I think that Boost.Thread can not do any think here. You are sharing the variable notifier allocated on the stack between two thread. When the function foo returns, the lambda thread will continue using a destroyed instance.

Note that the same issue will occur with any shared variable. IMO, it is up to the application to manage with this kind of errors.

Let me know if you share my point of view.

[sbear.powell@…]

Replying to viboes:

I think that Boost.Thread can not do any think here. You are sharing the variable notifier allocated on the stack between two thread. When the function foo returns, the lambda thread will continue using a destroyed instance.

The only potential fix I can think of on Boost.Thread's side would be to lock the condition_variable's internal mutex in its destructor--that way nothing will be destroyed until after notify_all() is out of its critical section.
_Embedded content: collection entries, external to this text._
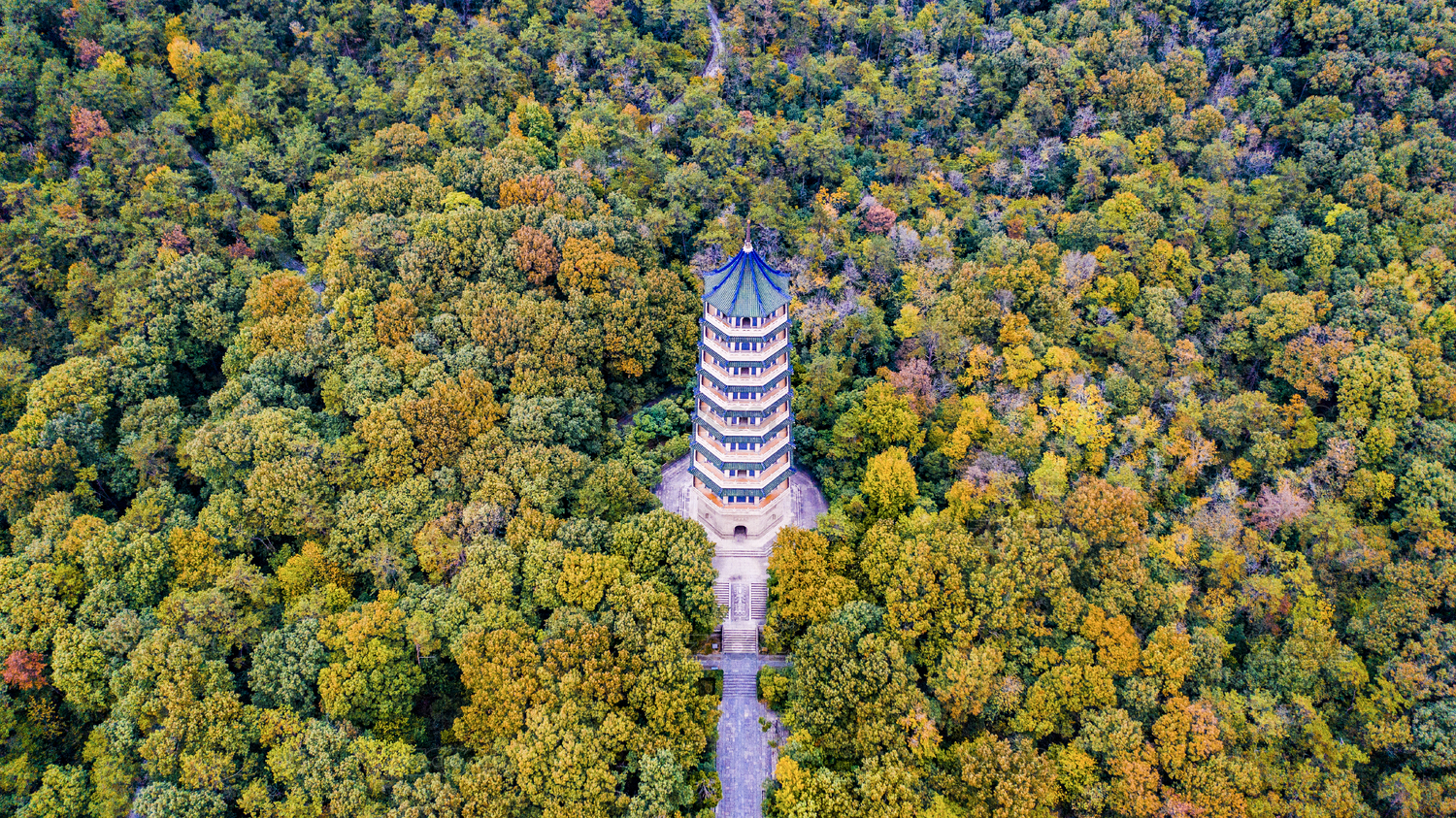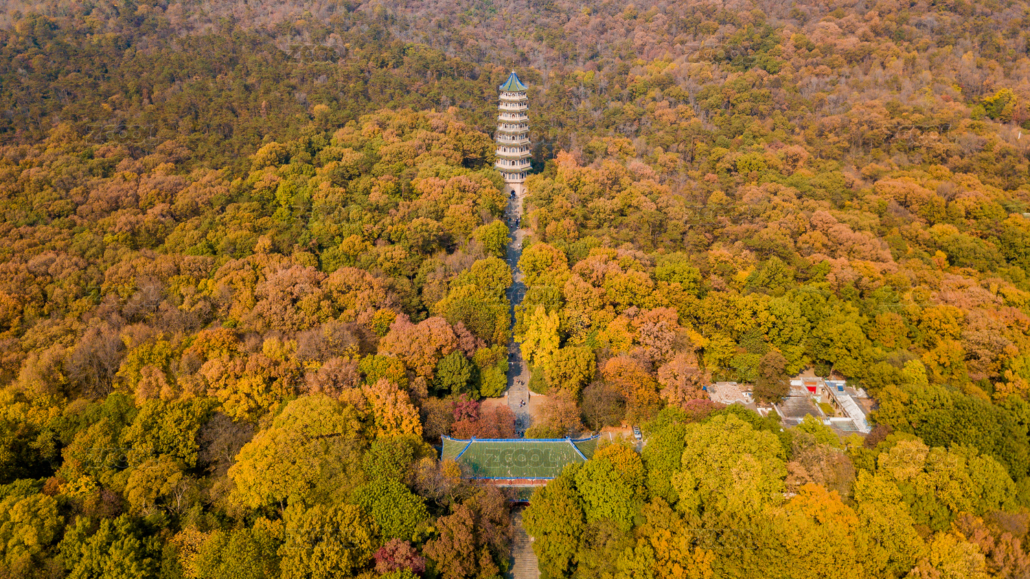 南京灵谷景区:灵谷塔和无梁殿的秋色
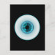 A cybernetic blue eye with various digital displays, including circles, dots, and squares, some lit up and some not, with a small crosshair in the middle and the word "vision" backwards on the bottom right.
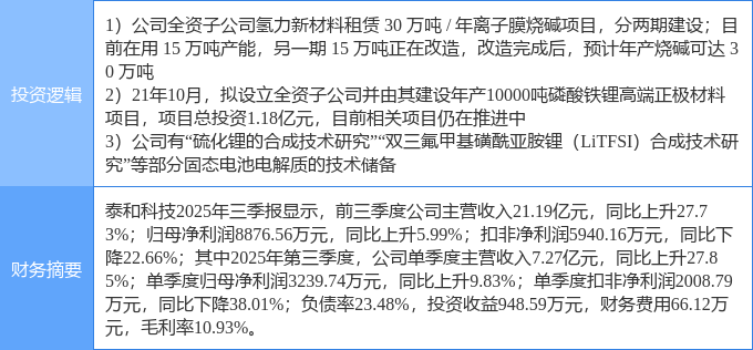 该股为磷酸铁锂,固态电池,烧碱概念热股,当日磷酸铁锂概念上涨5.76%,固态电池概念上涨4.57%,烧碱概念上涨3.67%。
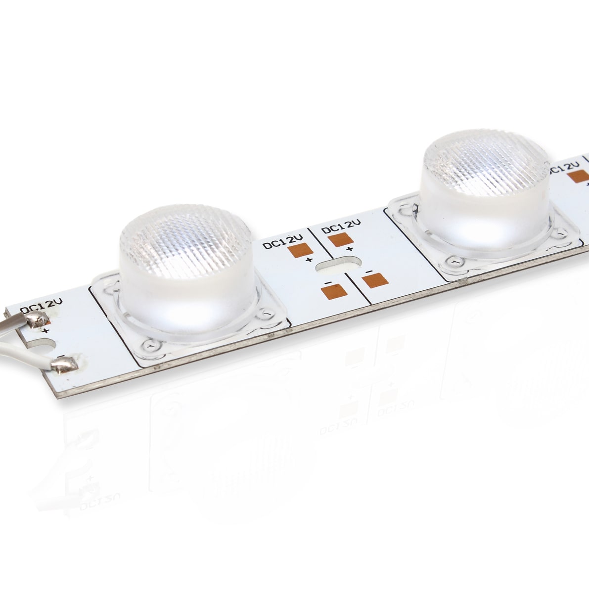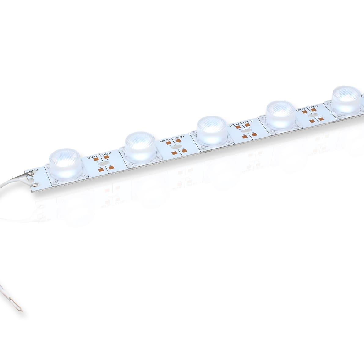 Светодиодный модуль. Тип светодиода 3030 (1W, 110Lm), количество светодиодов 18 штук. Напряжение 12V, мощность 18W, цвет свечения холодный белый 10000K, световой поток 1980Lm, угол свечения 40x15 градусов. Кратность реза 54мм. Размеры 975x25x16мм. Вес 180г.
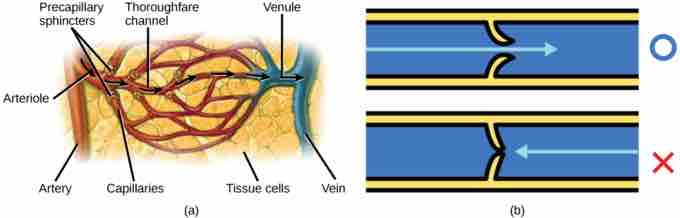 (a) Precapillary sphincters are rings of smooth muscle that regulate the flow of blood through capillaries; they help control the blood flow to where it is needed. (b) Valves in the veins prevent blood from moving backward.
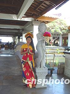 東盟系列峰會將于七日在印尼旅游勝地巴厘島揭幕,身著民族傳統服飾的印尼少女歡迎來自中國的尊貴客人。中新社記者 齊彬 攝
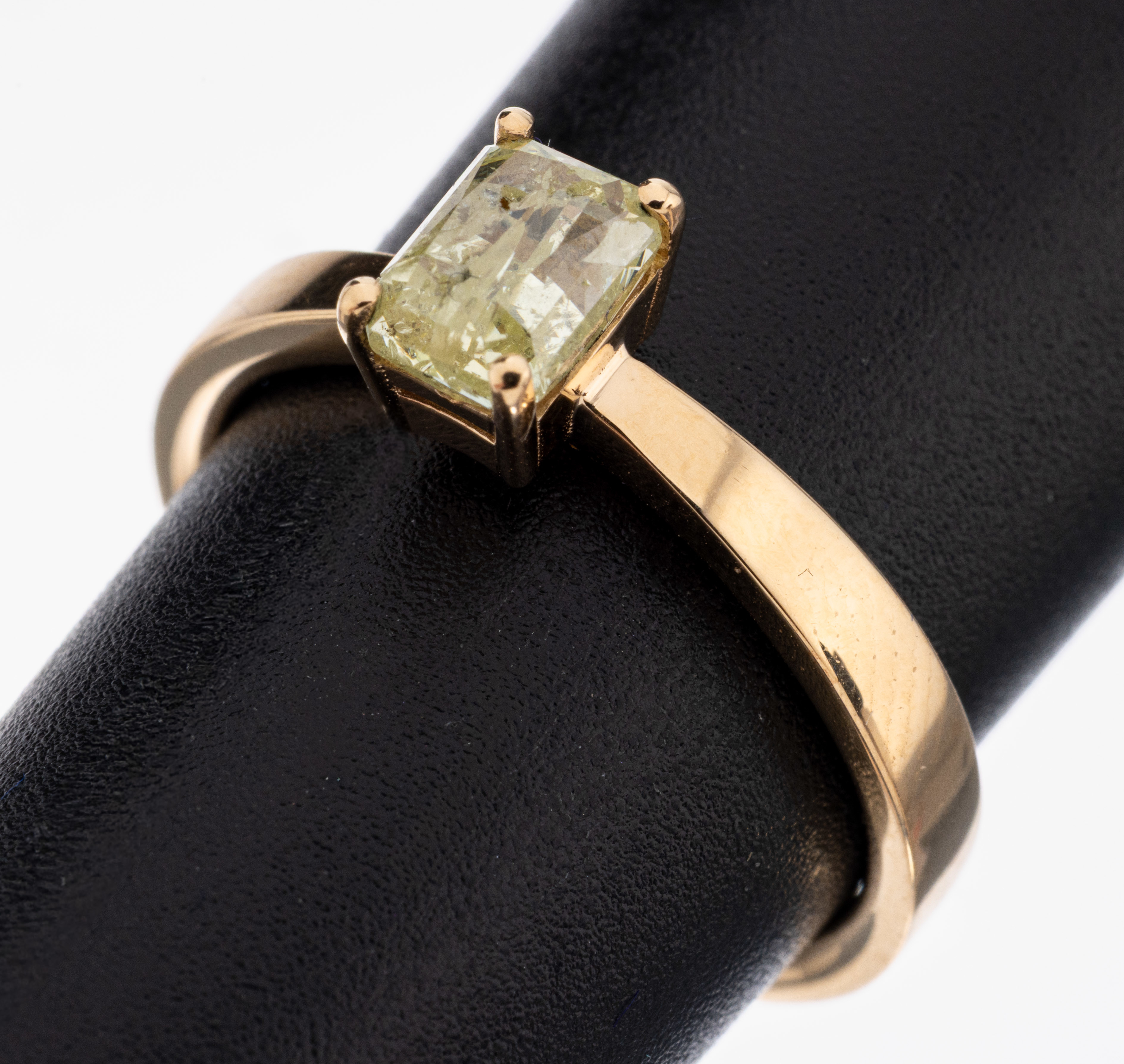 18 kt gold diamond ring , Rose G 750/000, diamond in emerald cut 1.00 ct Yellow (fancy)/p
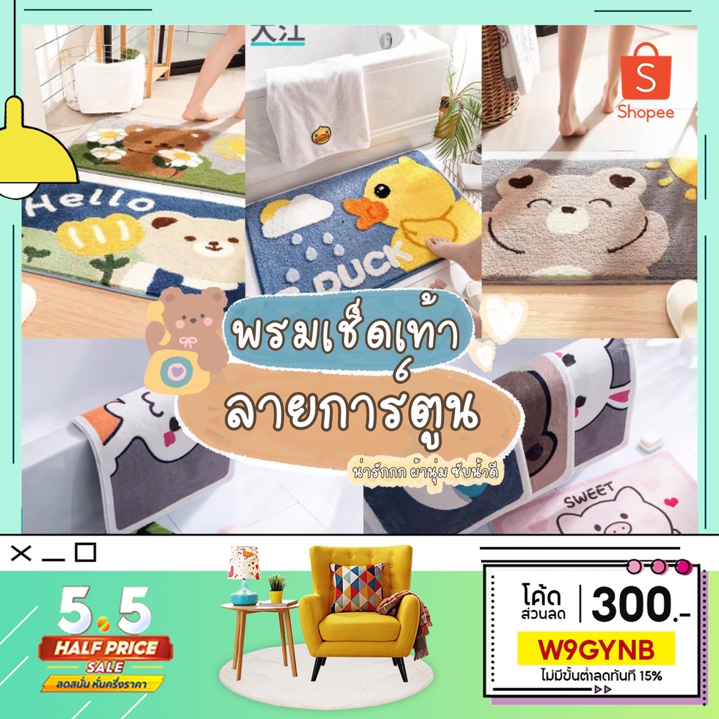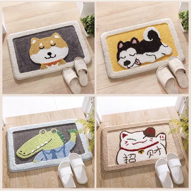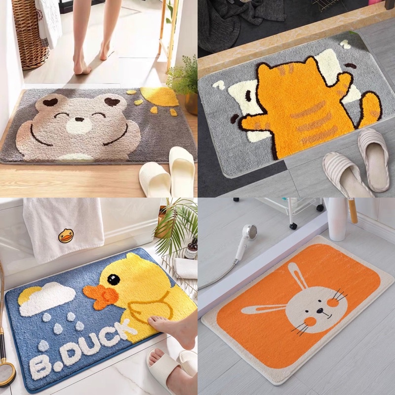 พรมเช็ดเท้า ลายการ์ตูนน่ารัก แผ่นปูพื้นดูดซับกันลื่นลายการ์ตูน คละลาย【40cm*60cm】
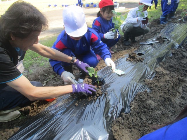 農協の方に植え方や育て方のこつを聞いて、元気に育つことを願いながら植えました。
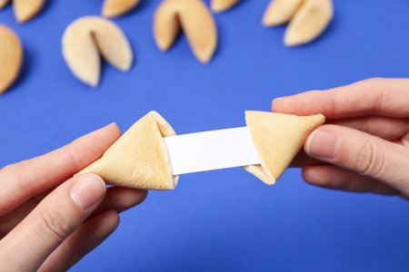 Fortune cookies with blank slip on blue background
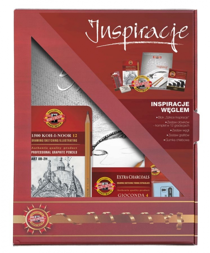 Producent: Koh-I-NorW skład zestawu wchodzą: - zestaw ołówków 1502/II - grafit w sztyfcie 4390/2B/bl - zestaw węgieli prasowanych 8694 - gumka - blok „szkice inspiracje“
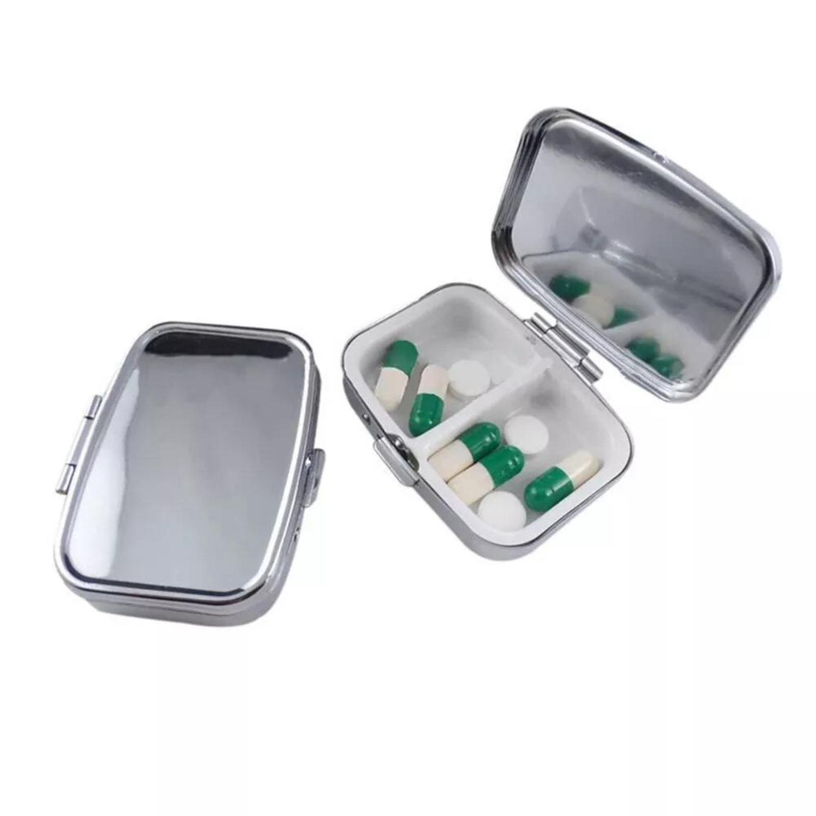 2x Metal Case Container Pill Container Tablet Holder Medicine
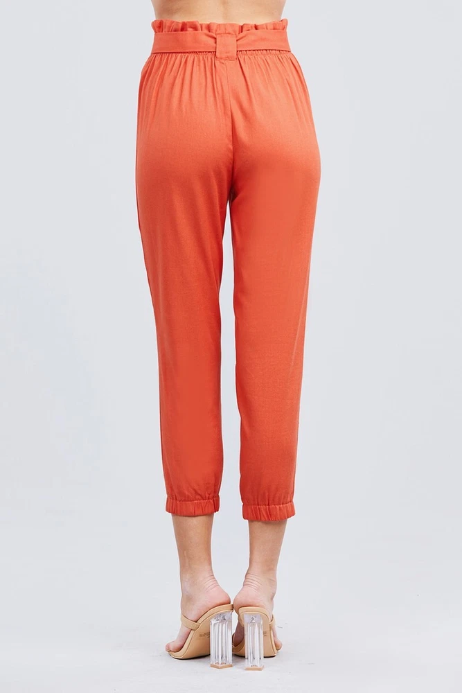 Paperbag W/bow Tie Elastic Hem Long Linen Pants
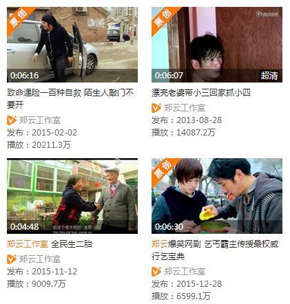 鄭云是中國著名的喜劇演員,現任中國微電影協會常務副會長,被譽為“網絡短劇帝”、“微電影之父”、“中國手機電影第一人”。擁有龐大的群眾基礎,其粉絲數高達上千萬。在全國各大網站、移動手機終端、多家地方電視臺、公交地鐵電視及Youtube、Face book、Google+等國外主流網站設有鄭云工作室微電影專區;在澳大利亞、韓國、美國、英國等地均設有鄭云微電影愛好者工作站。相信很多人都看過他的作品,他的微電影搞笑幽默,深受廣大觀眾喜愛。其代表作有《零落岸邊蘆荻花》、《致命遇險一百種自救》、《腦洞大開》、《盜墓筆記之英國歸來》、《微愛之終入佳境》、《青島大蝦后續》、《人生需要一個轉身》以及網絡大電影《肖申的救贖》、《祖業》等等。到目前為止,鄭云工作室所拍微電影作品已達八百多部,他所自編自導自演的優秀影片不勝枚舉,其作品的全球瀏覽量超過百億人次,人氣不輸papi醬。下面,我們來看看鄭云和papi醬的視頻播放量截圖。
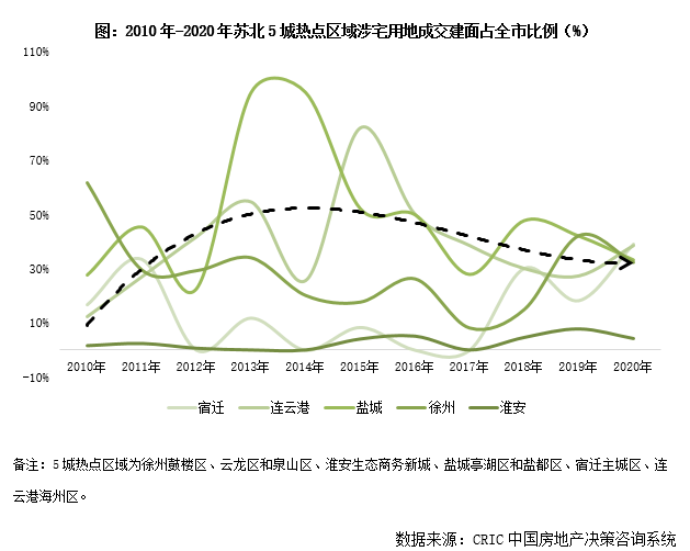 與全市土地市場充盈相反的是,熱點區(qū)域宅地供應(yīng)緊缺,近年5城土地供求有明顯向城市外延的郊縣傾斜的趨勢。以已出現(xiàn)“萬元地”的徐州鼓樓區(qū)、云龍區(qū)和泉山區(qū)、淮安生態(tài)商務(wù)新城、鹽城亭湖區(qū)和鹽都區(qū)、宿遷主城區(qū)等區(qū)域和連云港市府所處的海州區(qū)為蘇北5城熱點區(qū)域。從涉宅用地成交建面占比來看,5城熱點區(qū)域占比2015年后呈降低趨勢,至2020年占比均低于4成。其中淮安生態(tài)商務(wù)新城涉宅用地成交僅占全市總建面不足5%,徐州2020年云龍區(qū)僅出讓4宗涉宅用地。故,熱點區(qū)域宅地供不應(yīng)求是蘇北5成普遍存在的共性特征。
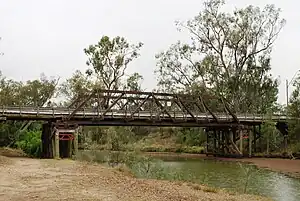 - Moree - south-east of Mungindi: 120 km via St George Street/Carnarvon Highway south-eastbound, cross the Boomi River bridge, cross the Gil Gil Creek bridge, cross the Carole Creek bridge, through Garah, through Ashley, turn right onto Boggabilla Road (1 hr 20 min)
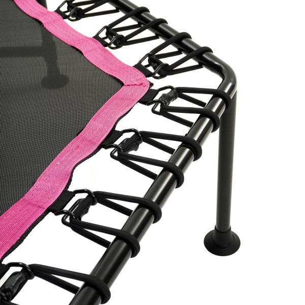 Конструкция имеет 6 надежных опор и специальные эластичные жгуты в качестве пружин. Поверхность изготовлена из современного Перматрона, который используют для прыжковых полотен ведущие мировые бренды. На экране консоли можно просматривать число прыжков и расход калорий, а также время тренировки.

Note that the same issue will occur with any shared variable. IMO, it is up to the application to manage with this kind of errors.

Right. Is there any general rule of thumb on thread-safety of destructors? What do the other Boost.Thread classes do in regards to that?

Let me know if you share my point of view.

Yeah, after some thought I agree with you--it's not really a bug in Boost.Thread, unless the rest of the Boost.Thread library keeps destructors thread-safe. In the end, it's not so hard to add the second mutex, or to just stick t.join() before foo() returns.

[viboes]

Replying to sbear.powell@…:

Replying to viboes:

I think that Boost.Thread can not do any think here. You are sharing the variable notifier allocated on the stack between two thread. When the function foo returns, the lambda thread will continue using a destroyed instance.

The only potential fix I can think of on Boost.Thread's side would be to lock the condition_variable's internal mutex in its destructor--that way nothing will be destroyed until after notify_all() is out of its critical section.

Maybe I'm wrong, but I think this is out of the philosophy "don't pay for what you don't use".

Note that the same issue will occur with any shared variable. IMO, it is up to the application to manage with this kind of errors.

Right. Is there any general rule of thumb on thread-safety of destructors? What do the other Boost.Thread classes do in regards to that?

AFAIK no destructor takes care of these kind of thread-safety. If you want you can start a thread on the ML so others could give their advice.

Let me know if you share my point of view.

Yeah, after some thought I agree with you--it's not really a bug in Boost.Thread, unless the rest of the Boost.Thread library keeps destructors thread-safe. In the end, it's not so hard to add the second mutex, or to just stick t.join() before foo() returns.

Yes the user has everything to prevent the deadlock.